5 Steps to Becoming Customer-Centric

Technology has fundamentally changed the way people engage with every kind of company. Today, twice as many people are involved in a B2B decision than actually make the decision. Prospects can search your site and a dozen others for the best deal. And consumers are often purchasing online and picking up in the store.  

The only way to anticipate what people want now and will want soon is to know them. Intimately. And that’s the goal of good customer-centricity programs. To do so, you must turn your Voice-of-the-Customer (VoC) or Customer Experience (CX) solution into an integrated system that puts your customers in front of every employee and at the heart of every business decision. Below are the five steps to becoming customer-centric, along with an array of statistics to help you make the business case. 

The Five Steps

 

Step 1: Gain Executive Support and Empowerment  

Secure executive support to empower the people on the front lines to make real change and impact with customers.

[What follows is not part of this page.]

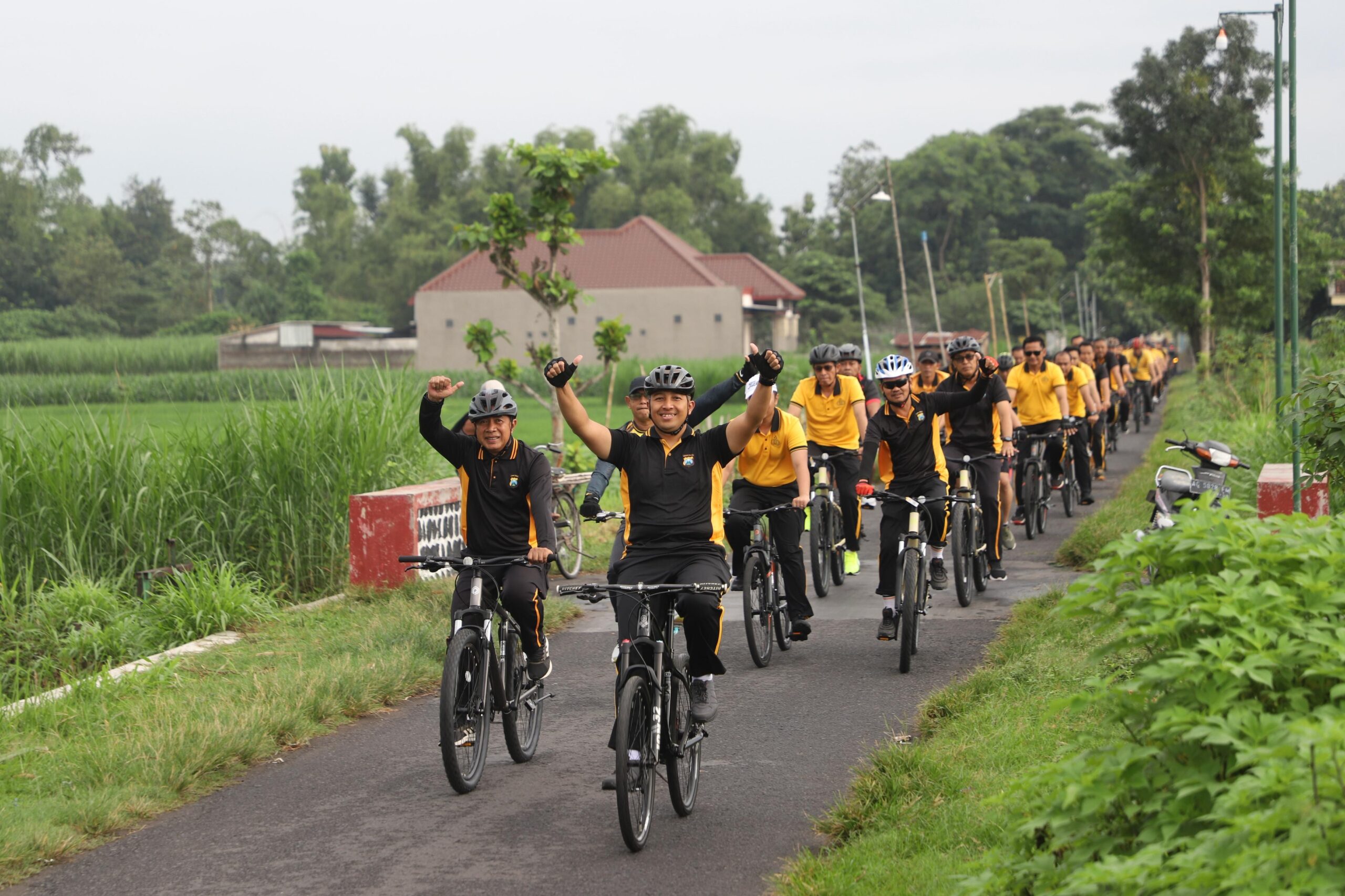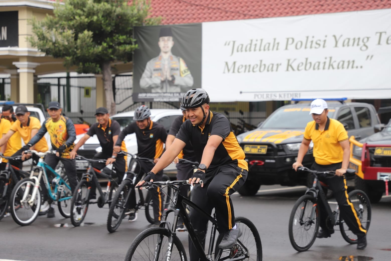 Kapolres Kediri AKBP Bramastyo Priaji, S.H., S.I.K., M.Si., bersama jajaran personel Polres Kediri mengikuti kegiatan olahraga gowes dengan rute datar (flat) mengelilingi kawasan tersebut.

Step 2: Adapt or Evolve Your VoC/CX program  

Ensure that your Voice of the Customer (VoC) or Customer Experience (CX) solution collects feedback the way you need it to meet your objectives.

Step 3: Wire-in Feedback Everywhere Seamlessly

Automate the distribution of feedback behind the scenes so that your service seems exceptionally personal and empowers the people dealing with customers on the front lines.  

Step 4: Deliver Enterprise Visibility to Customer Feedback  

Disseminate customer feedback across the organization and make it accessible to every employee, so everybody knows what customers want and need.

Step 5: Make Your Customers the Stars of Your Meetings 

Encourage and support people to become intimately aware of what customers want and need, making customers the stars of every meeting by knowing what they want, instead of predicting or guessing.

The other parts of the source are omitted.